Passo cerca de uns 10 segundos em silêncio, observando a sua linguagem corporal.
— Quem é Natalie?
— É do ramo também, advogada e uma conhecida — Sam admitiu, tentando se aproximar e tocar em mim. Me desvencilhei, porque não quero que seu toque influencie nas minhas emoções. — Nos encontramos naquela tarde da corrida e trocamos telefone. Natalie tem contatos de clientes importantes e achei conveniente ter contato direto com ela, mas porque a firma seria beneficiada. Foi somente uma coincidência.
Mantenho os braços cruzados, tentando decidir se ele merece ou não minha condescendência.
— "Bom te ver hoje"? — E fiz uma voz esganiçada, tentando soar que aquela deveria ser a voz de Natalie. Uma voz enjoada e tão inconveniente quanto ela. — Fala sério, desse jeito essa mulher está longe de ser uma advogada. Será que ela fala assim com todos os colegas de trabalho? Imagino como não deve falar com os clientes.

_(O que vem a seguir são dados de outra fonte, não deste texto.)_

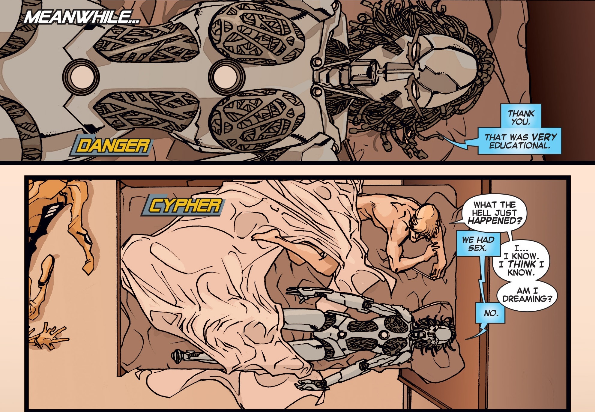 >>9129070It's from Peter David's All New X-Factor run.Also, Danger can morph her body at will, so I imagine she made the proper adjustments for Doug.
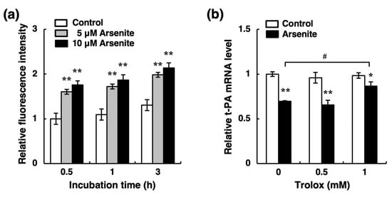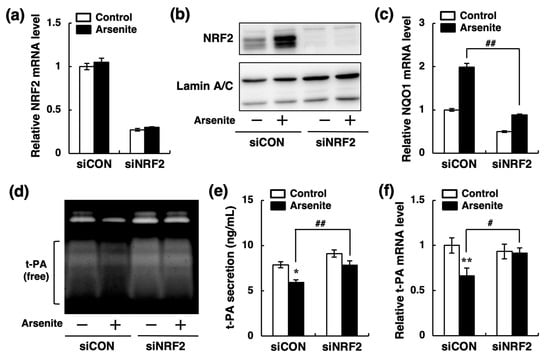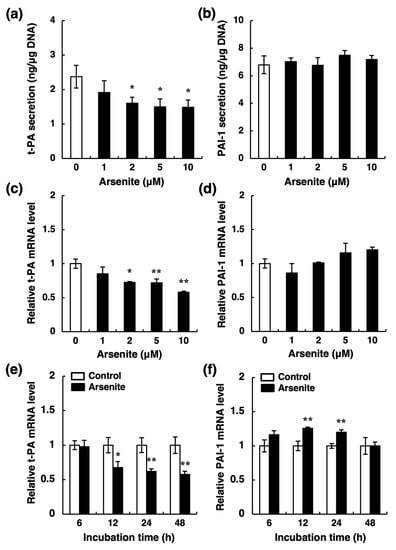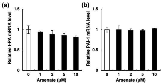 Nakano, T.; Takahashi, T.; Yamamoto, C.; Yoshida, E.; Kaji, T.; Fujiwara, Y. Arsenite Inhibits Tissue-Type Plasminogen Activator Synthesis through NRF2 Activation in Cultured Human Vascular Endothelial EA.hy926 Cells. Int. J. Mol. Sci. 2021, 22, 739. https://doi.org/10.3390/ijms22020739

Sam mexe a cabeça e vejo um sorriso divertido em seus lábios.
— A culpa é sua! Você não delimita ninguém.
Ele leva um das mãos ao peito, sentindo-se claramente ofendido.
— Me desculpa, você tem toda razão — meu noivo admitiu. Seu corpo se aproximou e dessa vez deixo que toque em mim. — Você me perdoa?
— Nunca mais faça isso — eu peço, segurando seu rosto com uma das mãos, apertando suas bochechas. Ele murmurou um "prometo". — Perdoo você.
Um sorriso gigantesco toma o lugar de hesitação, e Sam deposito um beijo na minha têmpora.
— Desculpa ter vindo até aqui, sei dos limites de misturar trabalho com problemas pessoais — sinalizei, sincera.
— Você não teria vindo se eu tivesse sido honesto.
— Você disso tudo.
Não há uma discussão que eu não vença. Gosto de estar certa.
Logo em seguida, Sam se inclinou para me beijar. O beijo é gostoso e demorado, mas não censuro Sam para pará-lo. Deixo que ele se sinta satisfeito. Quando termina, me "convida" para ir embora. Eu aceito e pulo no banco do passageiro, ansiosa para chegar em casa e experimentar a refeição maravilhosa que Alda preparou.